7.  **Analytics (`src/book_recommender/apps/analytics_app.py`)**:
    *   Loads accumulated feedback data from `data/feedback/user_feedback.jsonl` using `src/book_recommender/ml/feedback.py`.
    *   Processes and visualizes statistics using Streamlit and Plotly.

```mermaid
graph TD
    subgraph Data Flow & Processing
        raw_data[Raw Data (CSV)] --> A(scripts/prepare_goodreads_data.py);
        A --> B[books_prepared.csv];
        B --> C{src/book_recommender/data/processor.py};
        C --> D[books_cleaned.parquet];
        D --contains text--> E{src/book_recommender/ml/embedder.py};
        E --> F[book_embeddings.npy];
    end

    subgraph Application Runtime
        G(src/book_recommender/apps/main_app.py - Streamlit UI) --loads--> D & F;
        G --uses--> H(src/book_recommender/ml/recommender.py);
        G --uses--> I(src/book_recommender/ml/embedder.py);
        G --uses--> J(src/book_recommender/ml/clustering.py);
        G --uses--> K(src/book_recommender/ml/explainability.py);
        G --uses--> L(src/book_recommender/ml/feedback.py);
        
        M(src/book_recommender/api/main.py - FastAPI) --uses--> N(src/book_recommender/api/dependencies.py);
        N --loads--> D & F;
        N --uses--> H & I & J & K & L;

        O(src/book_recommender/apps/analytics_app.py - Streamlit Dashboard) --loads--> P[user_feedback.jsonl];
        P --via--> L;

        User[User] --Interacts with--> G;
        Client[External Client] --Interacts with--> M;
    end

    subgraph Utilities & Configuration
        Q[src/book_recommender/core/config.py];
        R[src/book_recommender/utils.py];
        S[src/book_recommender/core/logging_config.py];
    end

    style raw_data fill:#f9f,stroke:#333,stroke-width:2px
    style D fill:#ccf,stroke:#333,stroke-width:2px
    style F fill:#ccf,stroke:#333,stroke-width:2px
    style P fill:#fcc,stroke:#333,stroke-width:2px
```

## Technology Decisions

*   **Python 3.10+**: Modern, versatile language.
*   **Streamlit**: Chosen for rapid development of interactive web UIs with minimal frontend code.
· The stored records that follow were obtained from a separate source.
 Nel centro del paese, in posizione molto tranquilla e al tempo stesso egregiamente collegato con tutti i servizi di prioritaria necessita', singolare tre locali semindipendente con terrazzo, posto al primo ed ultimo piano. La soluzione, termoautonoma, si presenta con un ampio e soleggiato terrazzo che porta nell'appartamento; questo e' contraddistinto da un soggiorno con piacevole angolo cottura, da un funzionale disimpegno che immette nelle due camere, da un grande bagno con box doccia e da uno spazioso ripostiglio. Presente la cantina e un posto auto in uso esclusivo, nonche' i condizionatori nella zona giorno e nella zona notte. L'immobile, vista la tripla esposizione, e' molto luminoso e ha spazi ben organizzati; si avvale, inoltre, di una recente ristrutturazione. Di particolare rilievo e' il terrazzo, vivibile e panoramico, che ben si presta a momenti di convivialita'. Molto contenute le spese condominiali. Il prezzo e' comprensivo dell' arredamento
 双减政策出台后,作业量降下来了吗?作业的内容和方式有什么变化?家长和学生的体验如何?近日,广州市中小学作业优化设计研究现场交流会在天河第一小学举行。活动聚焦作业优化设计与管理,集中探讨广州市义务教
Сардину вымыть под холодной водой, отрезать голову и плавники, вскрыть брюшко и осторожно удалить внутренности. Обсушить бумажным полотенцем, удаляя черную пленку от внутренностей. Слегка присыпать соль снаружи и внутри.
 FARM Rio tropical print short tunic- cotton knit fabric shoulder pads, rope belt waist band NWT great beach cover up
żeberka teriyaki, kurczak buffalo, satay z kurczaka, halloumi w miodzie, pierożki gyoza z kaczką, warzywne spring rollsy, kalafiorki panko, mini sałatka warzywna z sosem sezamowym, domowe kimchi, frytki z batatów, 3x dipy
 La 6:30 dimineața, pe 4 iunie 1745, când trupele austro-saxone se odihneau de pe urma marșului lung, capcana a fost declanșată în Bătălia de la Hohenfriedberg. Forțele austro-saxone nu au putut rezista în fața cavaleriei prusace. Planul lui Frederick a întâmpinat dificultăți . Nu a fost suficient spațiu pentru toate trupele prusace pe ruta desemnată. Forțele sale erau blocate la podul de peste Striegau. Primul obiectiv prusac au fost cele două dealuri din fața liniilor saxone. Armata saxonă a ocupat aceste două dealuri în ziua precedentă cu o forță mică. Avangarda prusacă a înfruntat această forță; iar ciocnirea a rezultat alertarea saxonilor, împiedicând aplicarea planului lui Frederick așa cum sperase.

Its caching mechanisms (`@st.cache_resource`, `@st.cache_data`) are crucial for performance with ML models.
*   **FastAPI**: Selected for building a high-performance, asynchronous API with automatic Pydantic-based data validation and Swagger/OpenAPI documentation.
*   **Sentence-Transformers**: A powerful library for generating dense vector embeddings from text, suitable for semantic search.
*   **FAISS**: An efficient library for similarity search and clustering of dense vectors, essential for scaling recommendations.
*   **Pandas / NumPy**: Standard libraries for data manipulation and numerical operations.
*   **Scikit-learn**: Used for traditional machine learning tasks like K-Means clustering.
*   **Plotly Express**: For creating interactive and aesthetically pleasing visualizations in the analytics dashboard.
*   **Pydantic**: Data validation and settings management using Python type hints, integral to FastAPI.
*   **python-dotenv**: For managing environment variables, facilitating flexible configuration across environments.
*   **GitHub Actions**: For Continuous Integration/Continuous Deployment (CI/CD), automating testing, linting, and Docker image builds.
*   **Docker / Docker Compose**: For containerizing the application and orchestrating multi-service deployments, ensuring consistent environments.

## Future Considerations

*   **Data Version Control (DVC)**: Implement DVC for robust tracking of data and model versions, enhancing reproducibility in production.
*   **Scalability**: For extremely large datasets, consider distributed FAISS indexes or cloud-native vector databases.
*   **Advanced Explanations**: Explore more sophisticated XAI techniques beyond rule-based, potentially involving LLMs or specific feature attribution methods.
*   **User Authentication**: For multi-user scenarios, integrate an authentication system (e.g., OAuth2, JWT).
*   **Database Integration**: Replace JSONL feedback storage with a dedicated database (e.g., PostgreSQL) for more robust data management and querying.
*   **Full UI Testing**: Implement UI tests using tools like Playwright or Selenium to ensure frontend consistency and functionality.